Totally Synthetic by Paul H. Docherty, 14 July 2009

Total Synthesis of Polyanthellin A

Johnson

M. J. Campbell, J. S. Johnson, J. Am. Chem. Soc. 2009, 131, 10370-10371.

Deukjoon Kim - with his publication on (6Z)- and (6E)-Cladiellin Diterpenes - is an acknowledged master of this family of natural products. Lets look at how this fresh challenger Jeffrey Johnson deals with the target. The target is split into two components: The more complex cyclopropane-containing fragment was built using some really interesting chemistry. First up was an organocatalytic Michael addition of isovaleraldehyde into methyl vinyl ketone using a fairly standard proline based catalyst, aided with a bit of a catechol to increase reaction rate and yield. The remaining aldehyde was olefinated to yield a diene, which was ready for a cyclopropanation. Initial attempts were unsuccessful, so they used an interesting protocol based on research by Corey and Myers, which initially diazotises the 1,3-dicarbonyl, and then performs an insertion into the proximal alkene in the presence of a copper(II) salen complex.

The other fragment, an aldehyde, was built easily; asymmetry was introduced via a Sharpless epoxidation, and the resulting epoxide opened using an allyl cuprate. A few more steps including a 1-c homologation returned the desired aldehyde, ready for coupling. This Lewis acid (LA) mediated process is a formal [3+2] cycloaddition in the presence of a very exotic reagent, as more commonly used LAs resulted in aldol couplings of the aldehyde. This aluminium based catalyst, developed by Yamamoto, did the job nicely.

As any reader will see, we’re now perfectly set for a ring-closing metathesis to form the medium ring. This was done in high yield (70%) by using dilute conditions, and chlorinated solvents. However, metathesis catalysts often catalyse other chemistry too when attached to a terminal alkene. A common problem is demethylenation - loss of methylene units - from the starting material, generating a new, similar compound which can then react further. In Johnson’s case, this lead to a eight membered product. Additives to prevent this problem include acetic acid and titanium isopropoxide. In Johnson’s case, simply using DCM as solvent did the job…

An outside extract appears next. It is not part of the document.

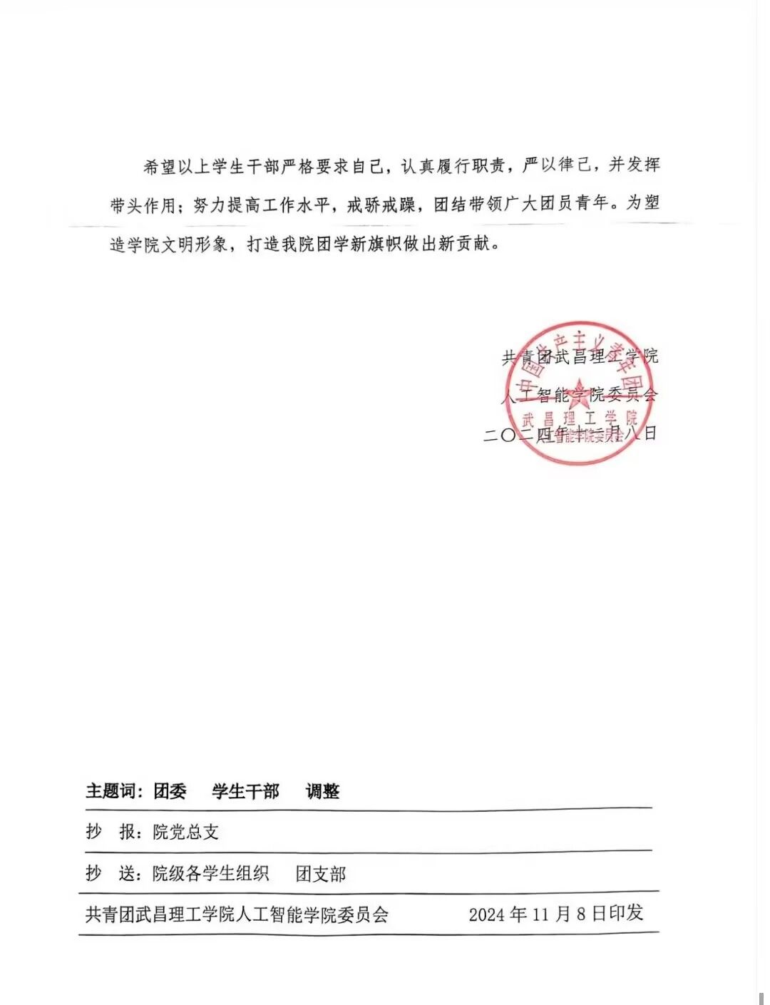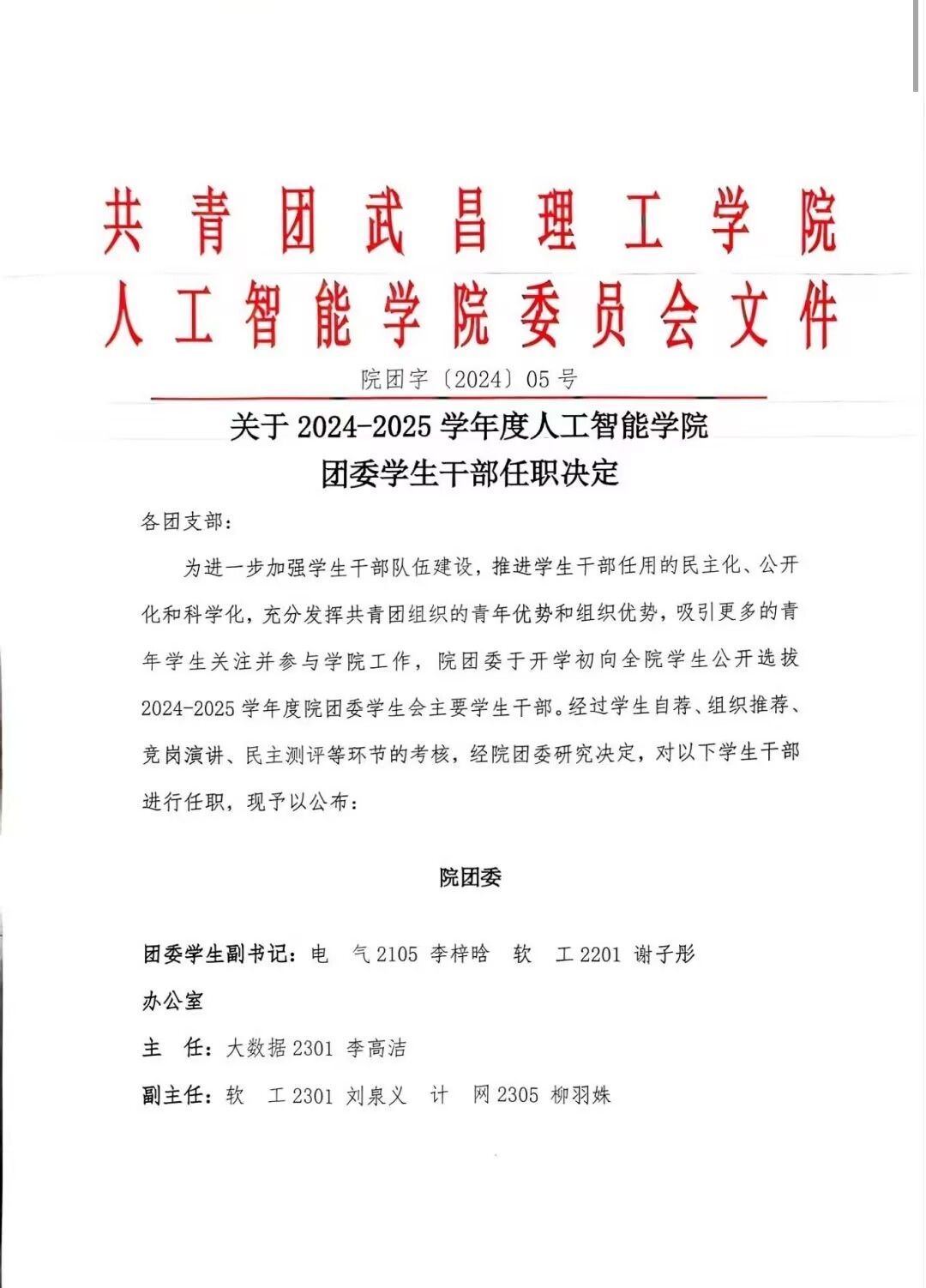 2024-2025学年度OK138太阳集团团委学生干部任职决定

The final intermediates are starting to look fairly similar to those generated by Kim. Looking back at that paper, Kim was able to perform an oxymercuration to form both the ethereal bridge and the tertiary alcohol. Johnson hoped, that a similar reaction worked, but achieved only a yield of 10%. He rescued the situation via a slightly more labourious route; iodolactonisation, followed by oxymercuration delivered the desired oxygenation, whilst a reduction with tin hydride removed both the extraneous heavy atoms. Only acetylation was required to finish the target, in a very interesting total synthesis that can compete with Kim's.